------ Dataset content
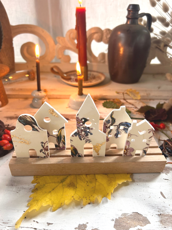 Chaque maison est découpée avec précision dans la faïence, révélant les délicats motifs , puis montée sur un socle en bois naturel.
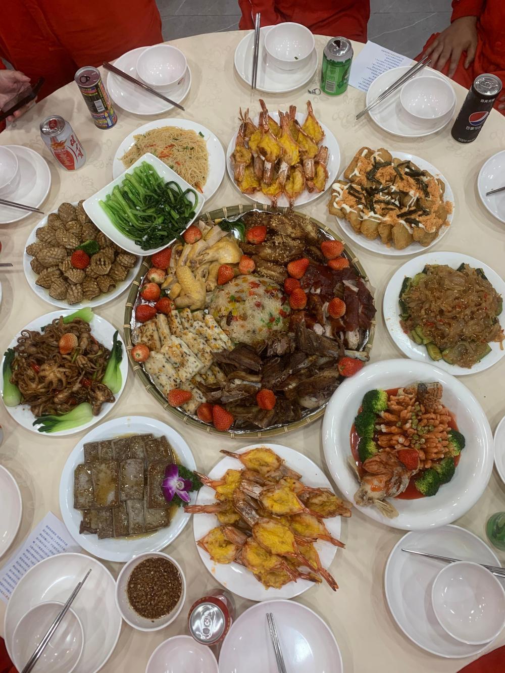 一道道菜肴摆上餐桌,春节期间坚守海上油气生产一线的作业者围桌齐坐,共度佳节。
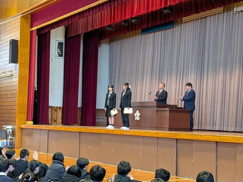 賞状伝達では、青少年読書感想文千葉県コンクールで優秀賞と優良賞を受賞した2名、関東高等学校選抜新人陸上競技選手権大会女子ハンマー投げ第5位の成績を収めた1名が、それぞれ表彰されました。おめでとうございます。
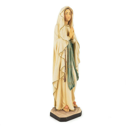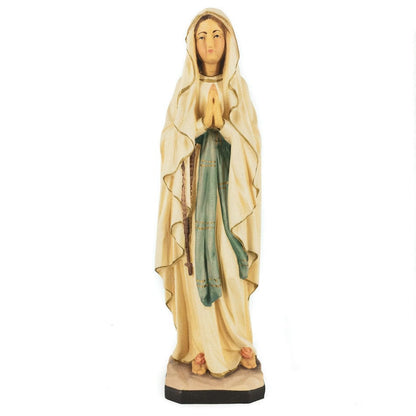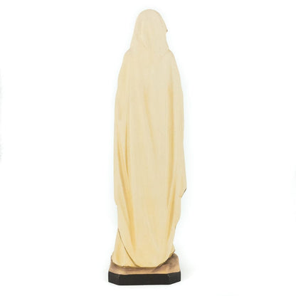 Hand-carved from solid wood, this stunning statue of Our Lady of the Rosary brings peace and grace to any space. Honor the Virgin Mary and deepen your devotion to the rosary with this beautifully crafted piece, perfect for prayer or home decor.
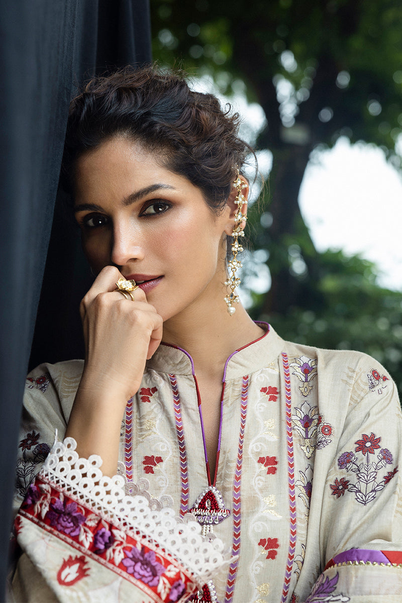 All laces used for finishing of the stitched outfit especially the dupatta or trousers may vary from the shoot.
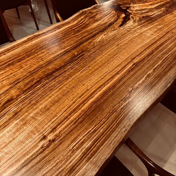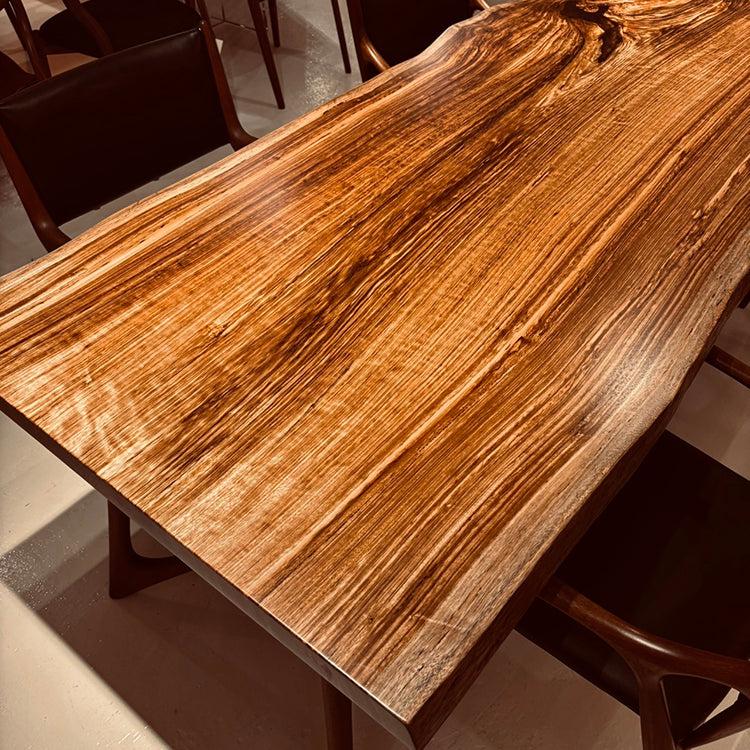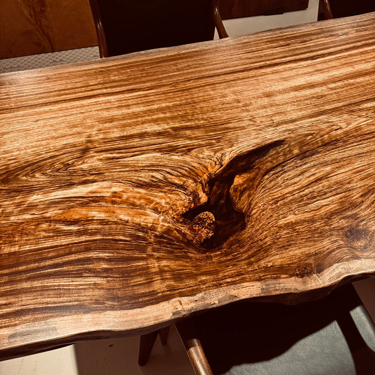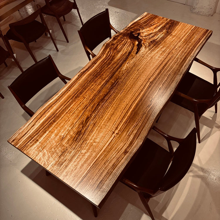 木には人と同じように個性があります。樹種や産地、樹齢はもちろん、同じ丸太から製材した一枚板でも同じものはひとつとしてありません。同じ名前の木でも色の明るいもの、暗いもの、節があるもの、傷があるものなど様々です。それは木が長い年月を過ごしてきた証であり、木が持つ個性です。だからこそ一枚板は‘世界にひとつのモノ’になるのです。
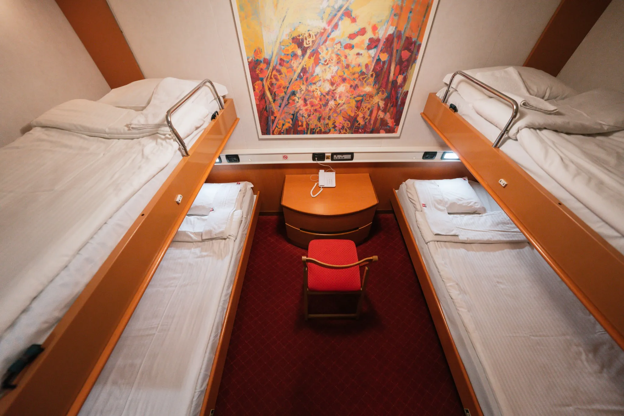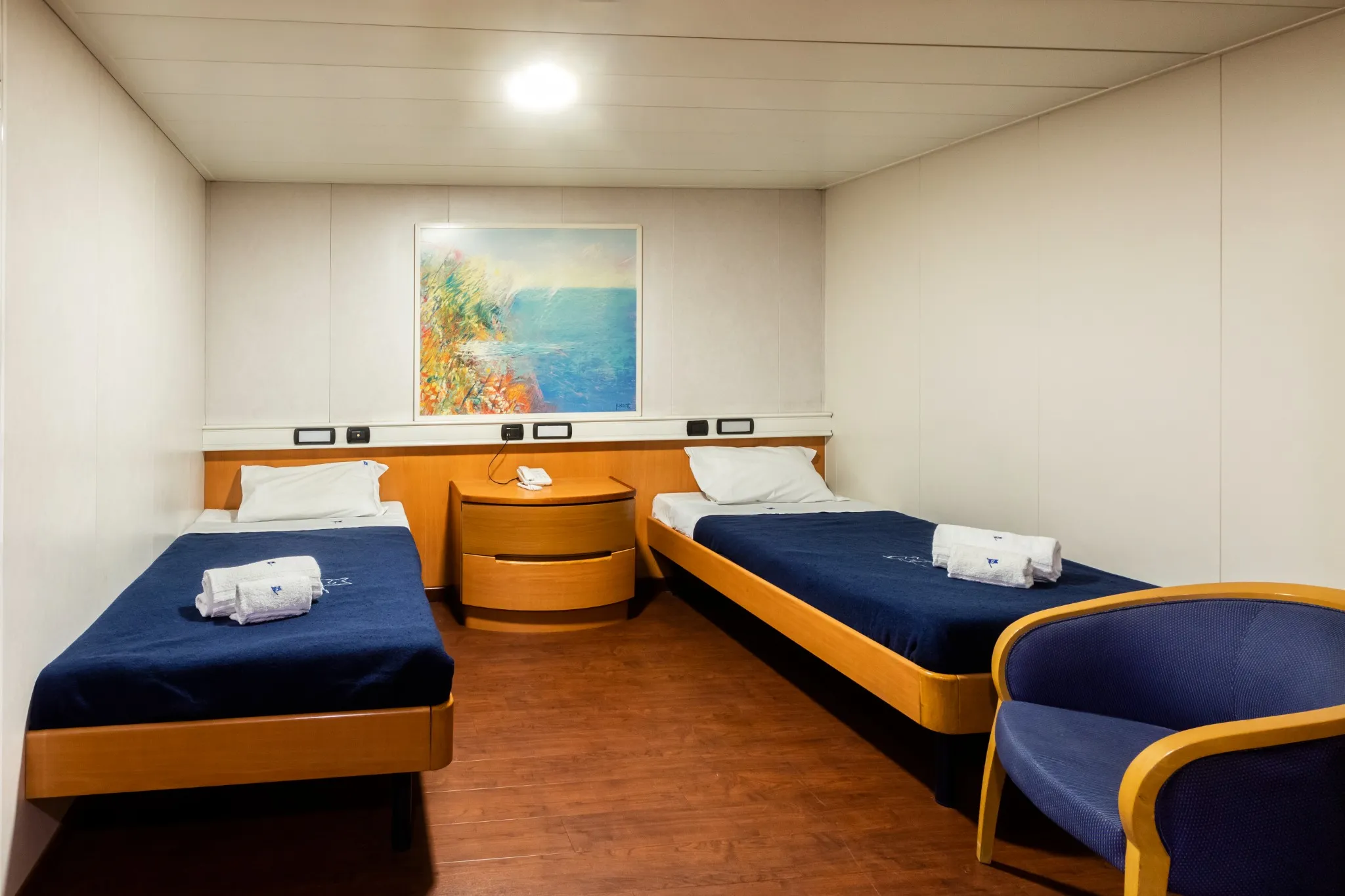 Le navi dispongono di 414 cabine, progettate per offrire comfort durante i viaggi notturni. Le sistemazioni variano da lussuose suite a cabine più funzionali per famiglie o gruppi.
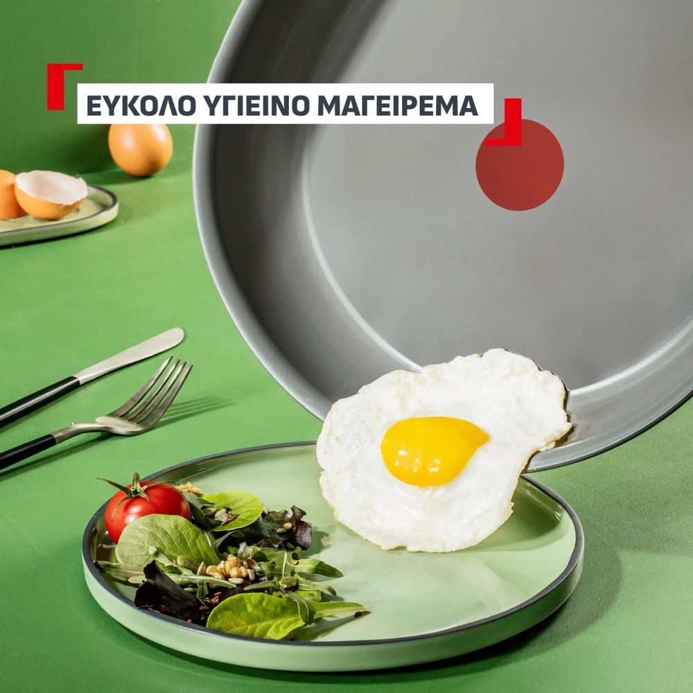 Σκεύος γαλλικής κατασκευής Tefal από 100% ανακυκλωμένο αλουμίνιο, με κεραμική αντικολλητική επίστρωση νέας γενιάς για υγιεινό μαγείρεμα με λίγα λιπαρά. Διαθέτει Thermo-Signal και είναι συμβατό με όλες τις εστίες, ακόμη και επαγωγικές.
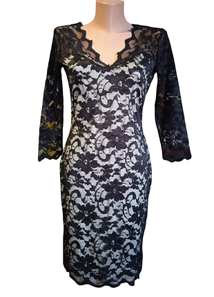 Плаття в гарному стані з чорного мережива і бежевої підкладки, не світиться, класичного стилю, еластичне. Довжина 91 см, плечі 38 см рукав 50 см в грудях 42 см напівобхват талії 34 см напівобхват бедра 42 см напівобхват.
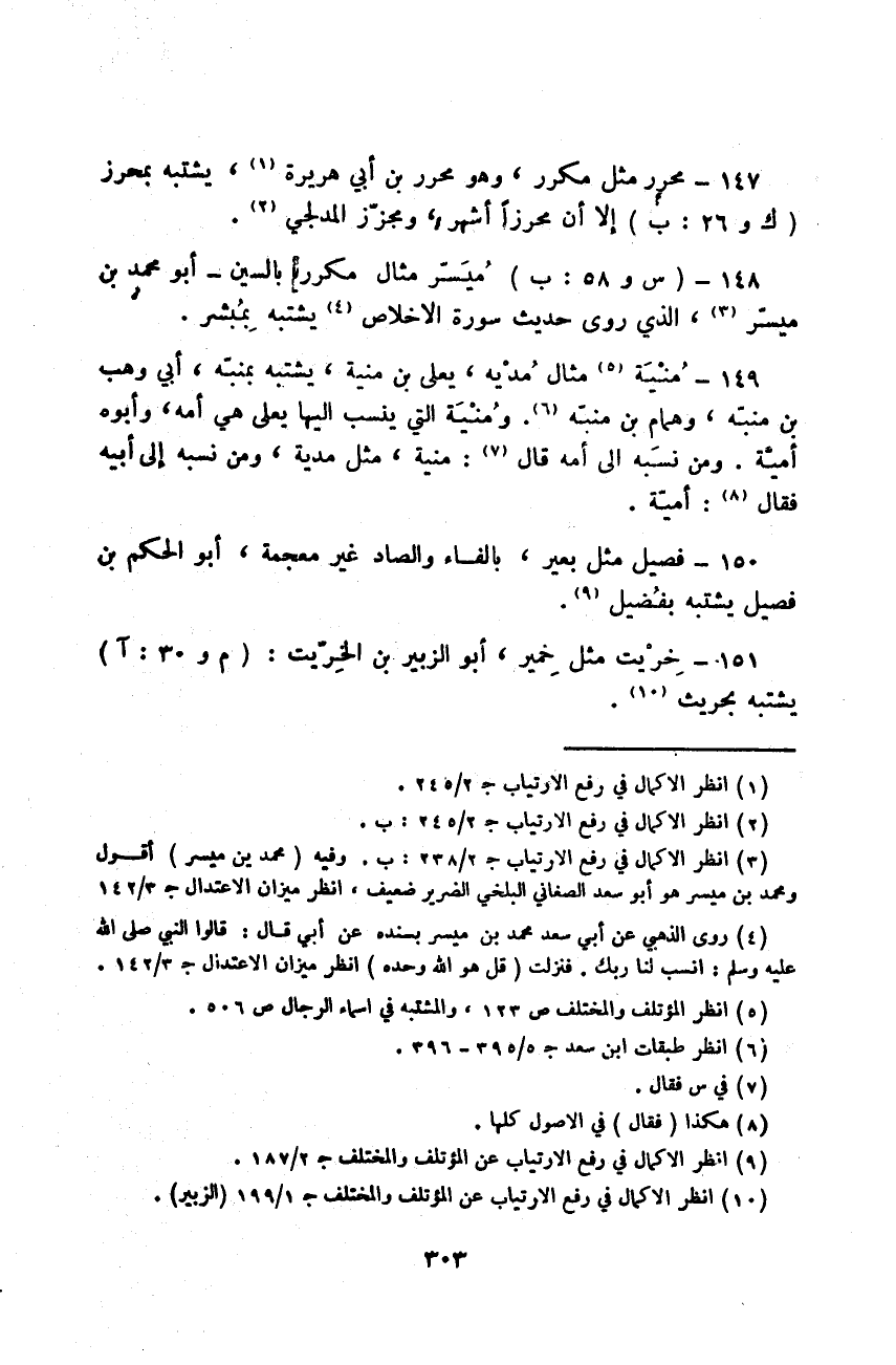 مُحَرَّرٍ مِثْلُ مُكَرَّرٍ، وَهُوَ مُحَرَّرُ بْنُ أَبِي هُرَيْرَةَ، يَشْتَبِهُ بِمُحَرَّزٍ، إِلَّا أَنَّ مُحَرَّزًا أَشْهُرُ، وَمُجَزَّزٌ الْمُدْلِجِيُّ مُيَسَّرٌ مِثَالُ مُكَرَّرِ بِالسِّينِ، أَبُو مُحَمَّدِ بْنُ مُيَسَّرٍ، الَّذِي رَوَى حَدِيثَ سُورَةِ الْإِخْلَاصِ، يَشْتَبِهُ بِمُبَشِّرٍ مُنْيَةُ مِثَالُ مُدْيَةَ، يَعْلَى بْنُ مُنْيَةَ، يَشْتَبِهُ بِمُنَبِّهٍ أَبِي وَهْبِ بْنِ مُنَبِّهٍ، وَهَمَّامِ بْنِ مُنَبِّهٍ، وَمُنْيَةُ الَّتِي يُنْسَبُ إِلَيْهَا يَعْلَى هِيَ أُمُّهُ، وَأَبُوهُ أُمَيَّةُ وَمَنْ نَسَبَهُ إِلَى أُمِّهِ، قَالَ: مُنْيَةُ مِثْلُ مُدْيَةَ، وَمَنْ نَسَبَهُ إِلَى أَبِيهِ فَقَالَ: أُمَيَّةُ فَصِيلٌ مِثْلُ بَعِيرٍ، بِالْفَاءِ وَالصَّادِ غَيْرِ مُعْجَمَةٍ، أَبُو الْحَكَمِ بْنُ فَصِيلٍ يَشْتَبِهُ بِفَضِيلٍ خِرْيَتٌ مِثْلُ خِمْيَرٍ، أَبُو الزُّبَيْرِ بْنُ الْخِرْيَتِ يَشْتَبِهُ بِحُرَيْثٍ
------------
Only the lines starting at the one that includes "All laces used" and ending at the one that includes "木には人と同じように個性があ" should be retyped, exactly, from the records above; no pictures.

# Written response
 All laces used for finishing of the stitched outfit especially the dupatta or trousers may vary from the shoot.
 木には人と同じように個性があります。樹種や産地、樹齢はもちろん、同じ丸太から製材した一枚板でも同じものはひとつとしてありません。同じ名前の木でも色の明るいもの、暗いもの、節があるもの、傷があるものなど様々です。それは木が長い年月を過ごしてきた証であり、木が持つ個性です。だからこそ一枚板は‘世界にひとつのモノ’になるのです。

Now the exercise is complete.